Simplifying the equation, we get:

v_B = sqrt(2 * g * h_A)

b) To find the force exerted by the track on the roller coaster at point B, we'll use the concept of centripetal force.

The force exerted by the track at point B provides the necessary centripetal force to keep the roller coaster moving in a circular path.
The centripetal force is given by:

F_c = (m * v_B^2) / r

Where:
m = mass of the roller coaster = 350 kg
v_B = velocity at point B (calculated in part a) = sqrt(2 * g * h_A)
r = radius of the circular path at point B

Note: In this case, h_A represents the height of the loop-the-loop at point A, and it determines the radius of the circular path at point B.

By using the conservation of energy principle and calculating the centripetal force, we can find the speed of the roller coaster at point B and the force exerted by the track at point B.

To solve this problem, we can apply the principles of conservation of energy and centripetal force.

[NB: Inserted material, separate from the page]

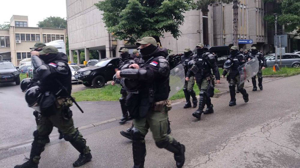 Na skupu je bio raspoređen veliki broj pripadnika policije i interventne, u punoj opremi za razbijanje demonstracija.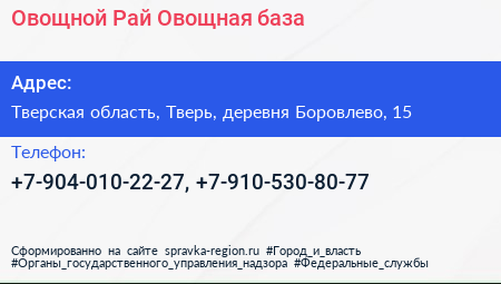 Овощной Рай, Овощная база по адресу Тверская область, Тверь, деревня Боровлево, 15 в дальнейшем Организация, размещена в следующих категориях:

a) To find the speed of the roller coaster at point B, we'll use the principle of conservation of energy. At point A, the roller coaster has gravitational potential energy (due to its height) and no kinetic energy (since it's at rest). At point B, all of the potential energy has been converted to kinetic energy.

Using the conservation of energy equation:

mgh = 1/2 mv^2

where m is the mass of the roller coaster (350 kg), g is the acceleration due to gravity (9.8 m/s^2), h is the height from point A to B, and v is the speed at point B.

From the figure, it appears that the height h is slightly higher than the radius of the loop-the-loop. We'll assume the height is 10 meters for this example.

Substituting the known values into the equation:

(350 kg)(9.8 m/s^2)(10 m) = 1/2 (350 kg) v^2

Simplifying the equation:

3430 = 1/2 v^2

Multiplying both sides by 2:

6860 = v^2

Taking the square root of both sides:

v ≈ 82.7 m/s

Therefore, the roller coaster is moving at approximately 82.7 m/s at point B.

b) To find the force that the roller coaster exerts on the track at point B, we'll use the concept of centripetal force. At the top of the loop, the force of gravity provides the centripetal force. Therefore, the force exerted by the roller coaster on the track at point B is equal to its weight.

The weight of the roller coaster is given by:

Weight = mass * acceleration due to gravity

Weight = (350 kg) * (9.8 m/s^2)

Weight ≈ 3430 N

Therefore, the roller coaster exerts a force of approximately 3430 Newtons on the track at point B.